Exercise goal: Below are records to repeat exactly; do not include any pictures.

Records excerpted from a collection:

□ □ □ □ □

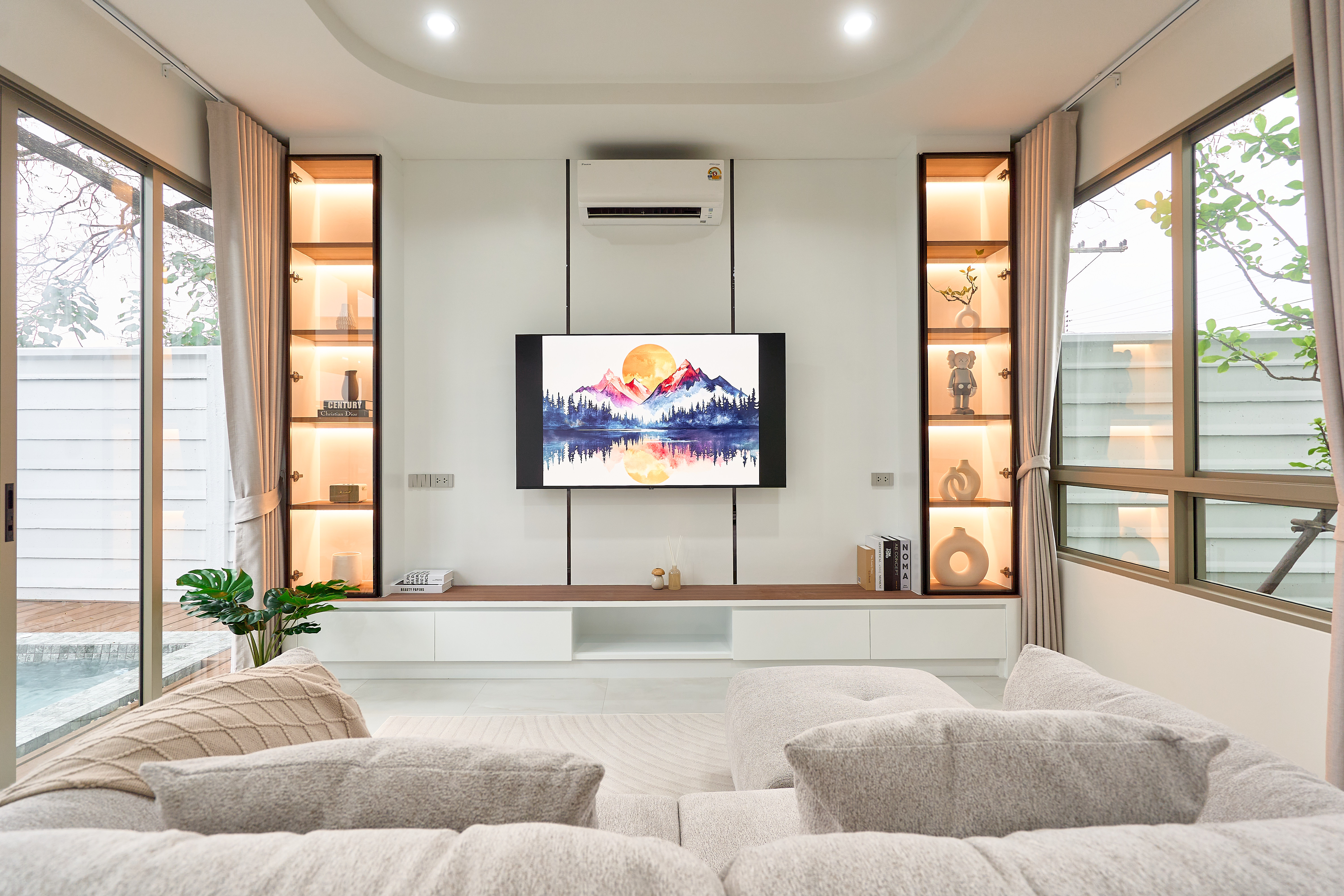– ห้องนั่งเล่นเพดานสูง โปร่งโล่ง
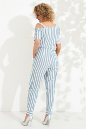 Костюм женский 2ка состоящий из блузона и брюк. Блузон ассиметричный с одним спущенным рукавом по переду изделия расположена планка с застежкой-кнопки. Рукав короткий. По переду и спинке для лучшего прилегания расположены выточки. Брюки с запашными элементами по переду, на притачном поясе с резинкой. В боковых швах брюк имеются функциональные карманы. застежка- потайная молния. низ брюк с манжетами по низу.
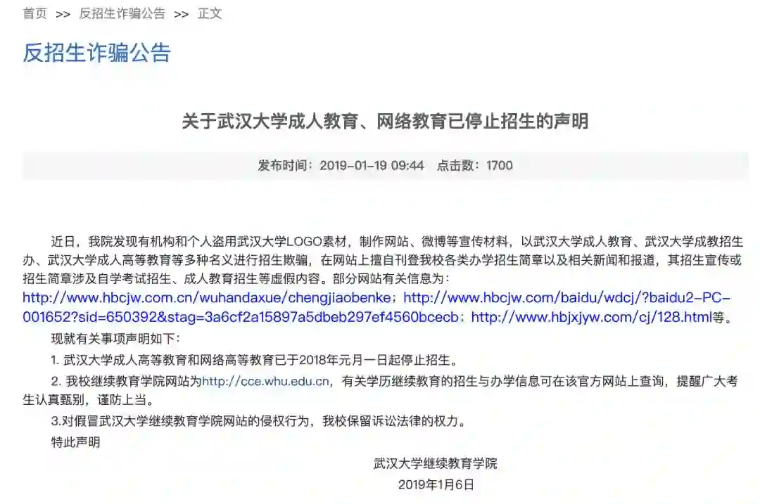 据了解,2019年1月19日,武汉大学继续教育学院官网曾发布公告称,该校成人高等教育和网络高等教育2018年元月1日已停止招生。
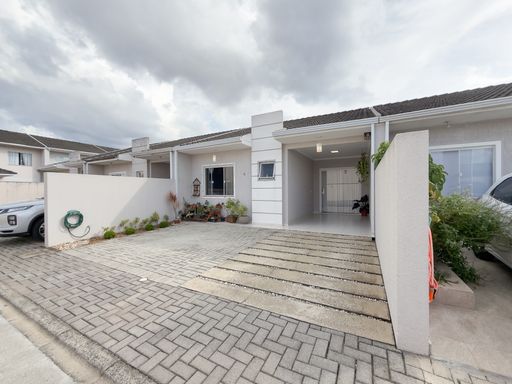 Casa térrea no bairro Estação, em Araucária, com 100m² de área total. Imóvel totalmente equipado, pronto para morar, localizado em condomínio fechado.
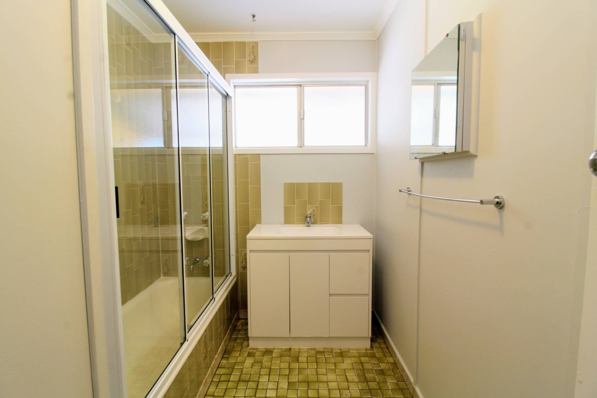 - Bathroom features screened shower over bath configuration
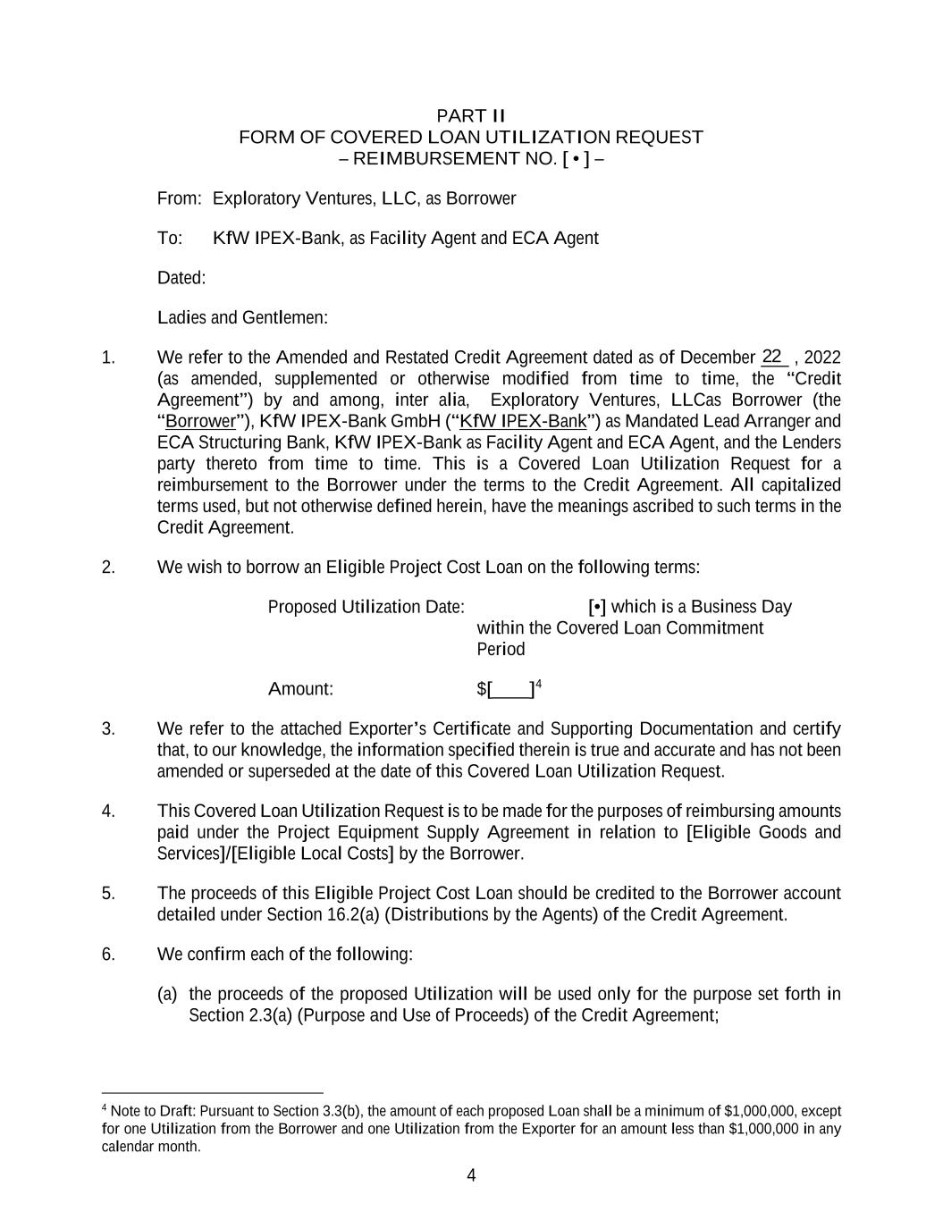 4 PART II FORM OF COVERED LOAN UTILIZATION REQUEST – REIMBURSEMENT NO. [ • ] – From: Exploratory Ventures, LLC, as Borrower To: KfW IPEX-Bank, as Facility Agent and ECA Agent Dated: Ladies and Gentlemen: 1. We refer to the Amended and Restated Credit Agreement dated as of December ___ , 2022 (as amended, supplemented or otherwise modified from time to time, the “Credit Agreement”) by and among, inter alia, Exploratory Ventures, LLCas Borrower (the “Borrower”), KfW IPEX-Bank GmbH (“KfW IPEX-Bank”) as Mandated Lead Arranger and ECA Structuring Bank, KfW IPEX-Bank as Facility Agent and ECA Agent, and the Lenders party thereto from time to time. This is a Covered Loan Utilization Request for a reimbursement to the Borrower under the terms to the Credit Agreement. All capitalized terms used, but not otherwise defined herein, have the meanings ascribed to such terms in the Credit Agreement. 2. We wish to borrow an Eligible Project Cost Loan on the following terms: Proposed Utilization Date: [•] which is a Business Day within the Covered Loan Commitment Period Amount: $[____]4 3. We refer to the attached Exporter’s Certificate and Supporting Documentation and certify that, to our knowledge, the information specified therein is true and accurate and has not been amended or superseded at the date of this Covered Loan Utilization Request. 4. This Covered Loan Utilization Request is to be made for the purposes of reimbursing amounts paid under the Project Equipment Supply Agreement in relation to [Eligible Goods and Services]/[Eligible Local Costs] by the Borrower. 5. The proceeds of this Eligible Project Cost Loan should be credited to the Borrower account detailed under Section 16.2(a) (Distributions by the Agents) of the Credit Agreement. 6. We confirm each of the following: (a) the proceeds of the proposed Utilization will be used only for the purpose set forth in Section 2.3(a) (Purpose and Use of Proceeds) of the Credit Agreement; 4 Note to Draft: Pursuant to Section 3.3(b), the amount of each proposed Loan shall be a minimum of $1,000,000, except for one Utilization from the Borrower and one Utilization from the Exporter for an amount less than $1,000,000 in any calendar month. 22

□ □ □ □ □

Answer to the problem:
– ห้องนั่งเล่นเพดานสูง โปร่งโล่ง
 Костюм женский 2ка состоящий из блузона и брюк. Блузон ассиметричный с одним спущенным рукавом по переду изделия расположена планка с застежкой-кнопки. Рукав короткий. По переду и спинке для лучшего прилегания расположены выточки. Брюки с запашными элементами по переду, на притачном поясе с резинкой. В боковых швах брюк имеются функциональные карманы. застежка- потайная молния. низ брюк с манжетами по низу.
 据了解,2019年1月19日,武汉大学继续教育学院官网曾发布公告称,该校成人高等教育和网络高等教育2018年元月1日已停止招生。
 Casa térrea no bairro Estação, em Araucária, com 100m² de área total. Imóvel totalmente equipado, pronto para morar, localizado em condomínio fechado.
 - Bathroom features screened shower over bath configuration
 4 PART II FORM OF COVERED LOAN UTILIZATION REQUEST – REIMBURSEMENT NO. [ • ] – From: Exploratory Ventures, LLC, as Borrower To: KfW IPEX-Bank, as Facility Agent and ECA Agent Dated: Ladies and Gentlemen: 1. We refer to the Amended and Restated Credit Agreement dated as of December ___ , 2022 (as amended, supplemented or otherwise modified from time to time, the “Credit Agreement”) by and among, inter alia, Exploratory Ventures, LLCas Borrower (the “Borrower”), KfW IPEX-Bank GmbH (“KfW IPEX-Bank”) as Mandated Lead Arranger and ECA Structuring Bank, KfW IPEX-Bank as Facility Agent and ECA Agent, and the Lenders party thereto from time to time. This is a Covered Loan Utilization Request for a reimbursement to the Borrower under the terms to the Credit Agreement. All capitalized terms used, but not otherwise defined herein, have the meanings ascribed to such terms in the Credit Agreement. 2. We wish to borrow an Eligible Project Cost Loan on the following terms: Proposed Utilization Date: [•] which is a Business Day within the Covered Loan Commitment Period Amount: $[____]4 3. We refer to the attached Exporter’s Certificate and Supporting Documentation and certify that, to our knowledge, the information specified therein is true and accurate and has not been amended or superseded at the date of this Covered Loan Utilization Request. 4. This Covered Loan Utilization Request is to be made for the purposes of reimbursing amounts paid under the Project Equipment Supply Agreement in relation to [Eligible Goods and Services]/[Eligible Local Costs] by the Borrower. 5. The proceeds of this Eligible Project Cost Loan should be credited to the Borrower account detailed under Section 16.2(a) (Distributions by the Agents) of the Credit Agreement. 6. We confirm each of the following: (a) the proceeds of the proposed Utilization will be used only for the purpose set forth in Section 2.3(a) (Purpose and Use of Proceeds) of the Credit Agreement; 4 Note to Draft: Pursuant to Section 3.3(b), the amount of each proposed Loan shall be a minimum of $1,000,000, except for one Utilization from the Borrower and one Utilization from the Exporter for an amount less than $1,000,000 in any calendar month. 22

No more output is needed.